The trout culture system that has received considerable attention in recent times is cage culture in fresh- and sea-water environments. The design features of cages have been described in. There is very little difference between the designs of cages used in fresh water and in protected areas of the sea, except that the marine cages are made stronger to withstand rough weather conditions. Floating cage culture has several advantages, among which the more important are the relatively high level of control the fish culturists can have on the stock and the possibility of starting operations on a small scale with a small investment (for example, staring with only two or three cages) and building on in the course of time to the maximum size that the site and local regulations permit.
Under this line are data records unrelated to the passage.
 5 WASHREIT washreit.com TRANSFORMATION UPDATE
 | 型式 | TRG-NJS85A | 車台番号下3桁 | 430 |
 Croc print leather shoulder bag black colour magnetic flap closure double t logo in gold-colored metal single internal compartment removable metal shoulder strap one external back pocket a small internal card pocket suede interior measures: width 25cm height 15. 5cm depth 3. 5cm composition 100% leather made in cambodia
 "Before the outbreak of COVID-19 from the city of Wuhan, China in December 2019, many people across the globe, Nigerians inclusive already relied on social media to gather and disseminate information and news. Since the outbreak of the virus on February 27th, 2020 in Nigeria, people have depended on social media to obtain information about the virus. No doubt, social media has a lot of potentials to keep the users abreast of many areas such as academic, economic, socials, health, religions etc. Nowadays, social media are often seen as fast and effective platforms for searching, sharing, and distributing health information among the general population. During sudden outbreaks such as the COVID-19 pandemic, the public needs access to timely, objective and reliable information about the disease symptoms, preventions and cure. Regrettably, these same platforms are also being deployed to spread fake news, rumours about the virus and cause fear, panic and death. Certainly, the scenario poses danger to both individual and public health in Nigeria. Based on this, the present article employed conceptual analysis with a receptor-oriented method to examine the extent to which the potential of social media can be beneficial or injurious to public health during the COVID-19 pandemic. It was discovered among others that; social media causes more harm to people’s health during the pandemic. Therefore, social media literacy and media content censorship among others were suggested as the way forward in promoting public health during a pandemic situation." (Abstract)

Rainbow trout is the most common species used in cage culture and fingerlings are stocked in cages in spring and are harvested in the autumn after a culture of 1.5 years or stocked in the autumn for harvest after one year. Fingerlings of about 70g weight can attain a size of about 3kg in less than 1.5 years. As male rainbow trout has a tendency to mature under two years of age, many farmers prefer to grow all-female or sterile stock for sea water grow-out. An innovation, started by some production units in Norway, is to hold the brood fish in spring water, with a temperature of about 7°C, through winter and strip them in January or early February. By using heated water at about 10°C, the incubation and fry growth are accelerated, so that by the autumn of the first year itself, smolts are produced which can with-stand transfer to sea water. The duration of cage culture is restricted to one year, as other-wise the fish will start maturing in the cages. Even though the fish are smaller, the whole cycle of production is reduced to 1.5 years and all the cages can be kept under production throughout the year.
The stocking density of fish in the cage is 10–20kg/m3 at harvest, depending on water circulation. Generally, larger quantities of fingerlings than are required to obtain the above density are stocked in each cage and as they grow larger they are graded out to other cages.
The double cropping system of trout and channel catfish, in the southern USA, is an attempt to improve the income from raceway trout culture. Rainbow trout are cultured for about 132 days when the temperature is below 21°C. After the fish are harvested and the temperature goes above this level, channel catfish (Ictalurus punctatus) are reared for over 200 days.